Defying the expectations of observers and the opposition, Indira Gandhi won the 1971 elections handsomely.

Written by Inder Malhotra | Updated: February 17, 2014 5:49 am
The Congress (I) captured 352 seats, giving Indira Gandhi the two-thirds majority needed to amend the Constitution. The ‘grand alliance’ was virtually wiped out. (Photo: Reuters) The Congress (I) captured 352 seats, giving Indira Gandhi the two-thirds majority needed to amend the Constitution. The ‘grand alliance’ was virtually wiped out. (Photo: Reuters)

Defying the expectations of observers and the opposition, Indira Gandhi won the 1971 elections handsomely.

IT was on the evening of December 27, 1970 that Indira Gandhi addressed the nation on radio and TV to announce that the Lok Sabha had been dissolved, and fresh elections would take place in the middle of February 1971. Such an announcement was bound to come sometime or the other. However, Gandhi’s timing was influenced greatly by a Supreme Court judgment, delivered just 12 days earlier, invalidating the president’s famous proclamation in September “derecognising” all princes and thus depriving them of their privy purses and privileges.

Gandhi was both disappointed and angry. She therefore wanted to regain in Parliament an adequate majority to undo the apex court’s verdict. This was not enough for many of her young and radical followers to whom this judgment, on top of a succession of others obstructing the nationalisation of banks, was the proverbial last straw on the camel’s back. They argued that since the higher judiciary was “biased” in favour of propertied classes and vested interests, “something must be done about it”. The struggle preceding the Congress split had given rise to a shrill slogan for a “committed bureaucracy” and a “committed press”. This was now extended to a “committed judiciary”, too.

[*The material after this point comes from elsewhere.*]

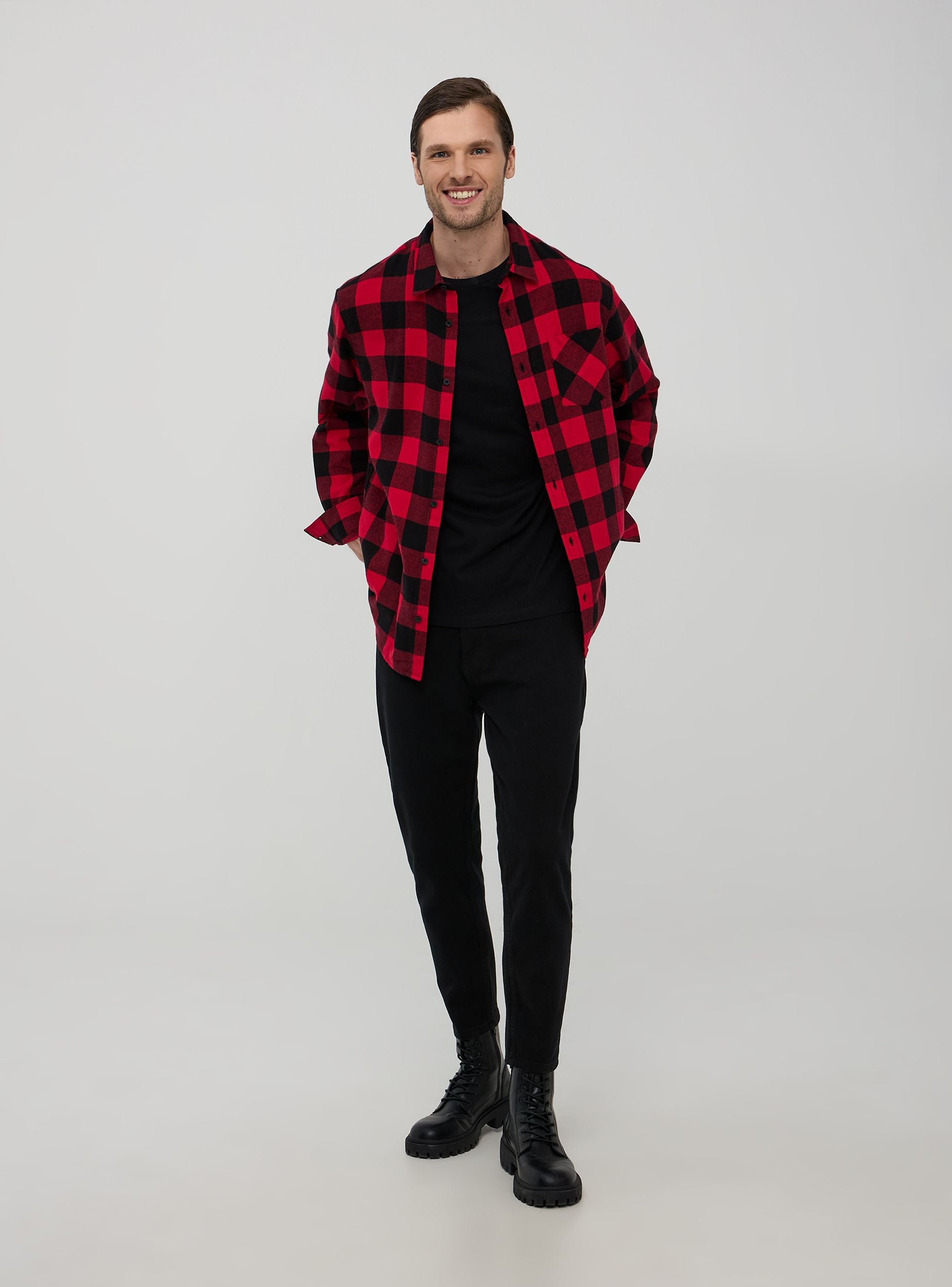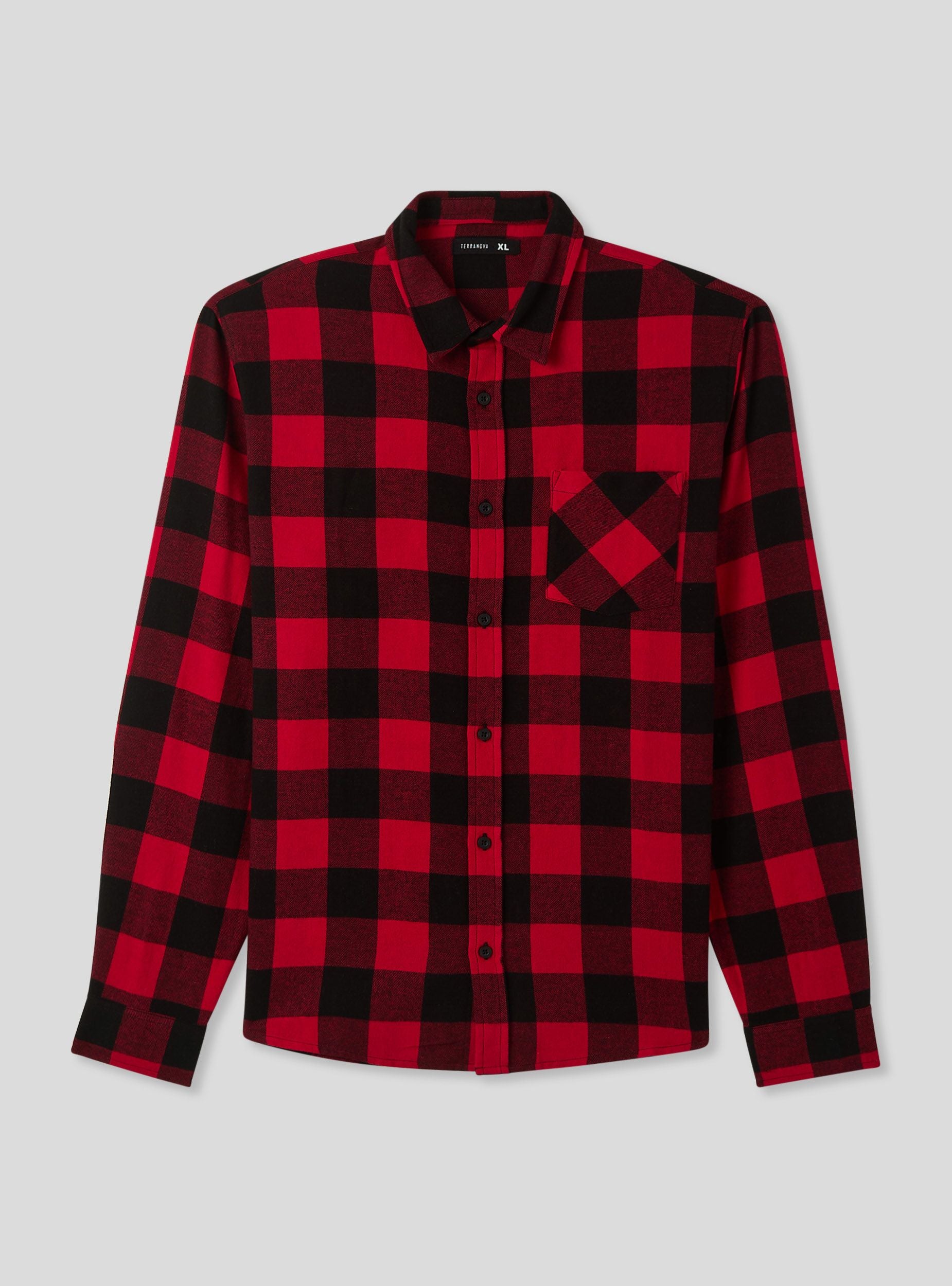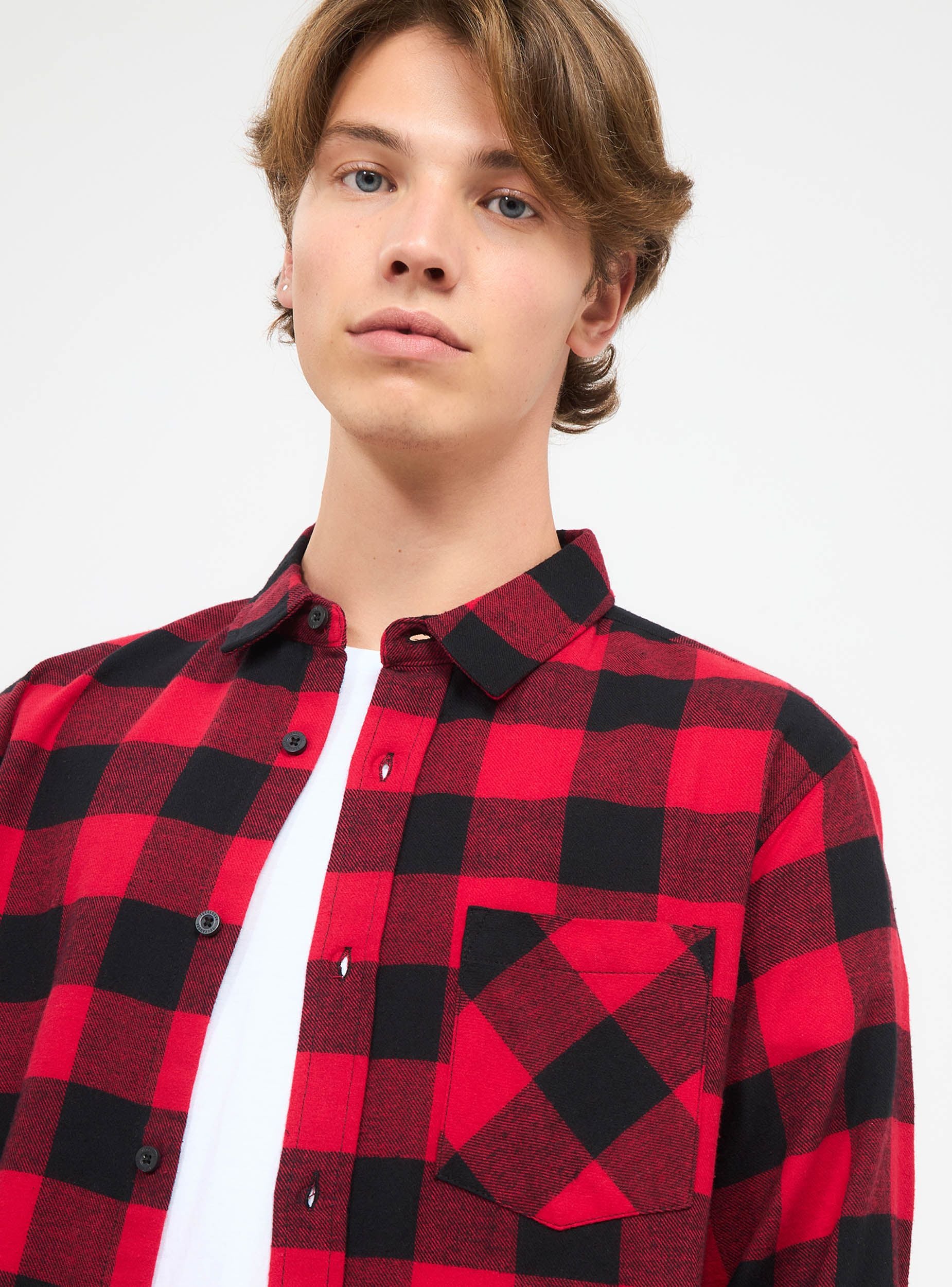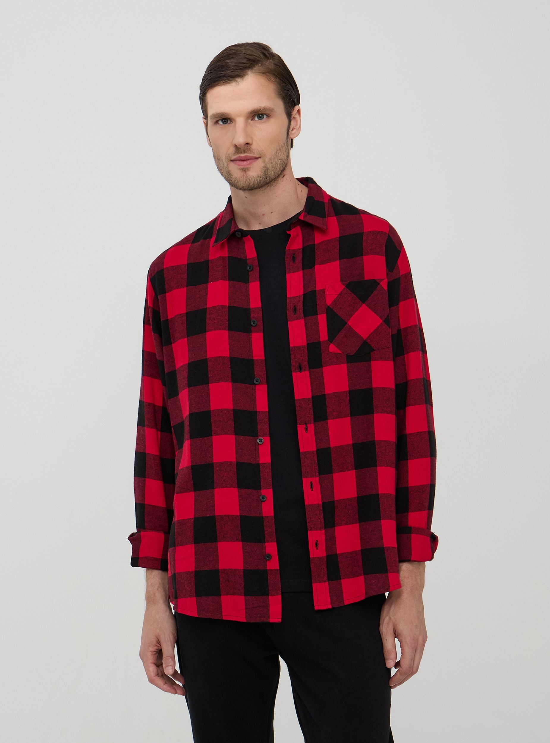 Camicia da uomo a manica lunga con fantasia a quadri, caratterizzata da un tessuto in flanella e una vestibilità regolare. Il capo presenta un colletto tradizionale e una chiusura frontale con bottoni. Sul petto, una tasca applicata aggiunge un tocco di praticità e stile. Ideale per un look casual ma curato, perfetto per essere indossato da solo o abbinato a strati per un outfit versatile.

Some flamboyant Young Turks went so far as to demand the convening of a new constituent assembly to “rewrite the entire constitution” with a view to setting up a “second republic”. Gandhi rebuked them rather sharply, warning them that she wouldn’t countenance methods that “bypassed democracy”. “If communists use (such methods) I’m against them. If the Congress uses them I am afraid I am against such Congressmen also,” she declared. Her subtle message was that she would use populist measures to preserve her pre-eminent position, but would have no truck with extremist methods that would turn the system upside down.

However, this did not register with her opponents because the pre-election friction was as high as that before the Congress split. For her part, Gandhi failed to perceive that, whether she liked it or not, the stage for a confrontation between the executive and the judiciary was already being set. In the event, this clash began sooner than her admonition to the radicals in her ranks might have indicated. For the present, however, everyone was focused on the mid-February poll.

Almost from the very beginning, the 1971 parliamentary election — which I covered extensively — turned into a referendum on Gandhi’s leadership. She relished it. When Newsweek asked her what the main issues in the election were, she replied gleefully: “I am the issue.” As if to confirm her assertion the “grand alliance” of her main political foes, headed by the Congress (O), declared their single-point objective: “Indira Hatao (Remove Indira)”. In an inspirational response, she declared that she was not opposed to any individual and was interested only in freeing her people from the scourge of poverty. So her battle-cry would be, “Garibi Hatao (Remove poverty)”.

The impact on the country was instant and electric. The poor, a vast majority of the population, were overwhelmed with emotion. They felt that they had at last found their redeemer.

Her party’s election campaign was run almost exclusively by her because she had no party machine worth the name and other party leaders were busy with safeguarding their own positions in their constituencies. She was also the sole selector of her party’s candidates, and took to the campaign trail from one end of the country to the other with energy more ferocious than usual, travelling faster and farther than in any previous election. In a tribal area, women started dancing to welcome her. She joined them and won rapturous applause. She invoked radical rhetoric for all it was worth but took care to reassure the affluent sections that she would be mindful of their interests, too. At a meeting of industrial tycoons, she declared that she had “absolutely no intention of abolishing the institution of private property”.

The popular enthusiasm for Gandhi was manifest. Even so, not only the “grand alliance” but also many independent observers believed that the 1971 election would be — as Wellington said of Waterloo — a “damned close run thing”. There were plausible reasons for this belief. The Congress (O) and even the smaller parties allied to it had well-oiled party machines. Congress (O) leaders were also confident that their constant “exposure” of Gandhi’s “political immorality” would have the desired effect on the voter. Moreover, several influential newspapers that used to praise her profusely had turned against her, some of them virulently.

When election results started coming in, it was clear that Gandhi had won a stunning victory. The Congress (I) captured 352 seats, giving her the two-thirds majority needed to amend the Constitution. These were 70 seats more than the undivided Congress had won four years earlier. The “grand alliance” was virtually wiped out. All of a sudden the newspapers hostile to her gave huge headlines about the “Indira wave” that had swept the country. “No Indira wave this. It is a hurricane”, wrote Sham Lal, the editor of The Times of India.

In her constituency, Rae Bareli in Uttar Pradesh, Gandhi had the satisfaction of defeating decisively Raj Narain, a burly and buffoonish socialist, who was the author of the “Indira Hatao” slogan. But he lived to fight another day and turn the tables on Gandhi in the post-Emergency elections in 1977.

Ironically, Gandhi’s communist allies were in a worse quandary than her opponents that had bitten the dust. When she extended her alliance with them from Kerala to the rest of the country — the CPI, unlike the CPM, had no strongholds anywhere but it had many pockets of influence, especially in states where the Congress (O) was strong — the comrades were jubilant that the “Kerala pattern” of governance would be replicated in New Delhi under Gandhi’s leadership. But they discovered to their dismay that she no longer needed their support. Not even to amend the Constitution — an item high on her agenda in view of the Supreme Court’s judgment on privy purses — because she had the magic two-thirds majority in both Houses of Parliament on her own.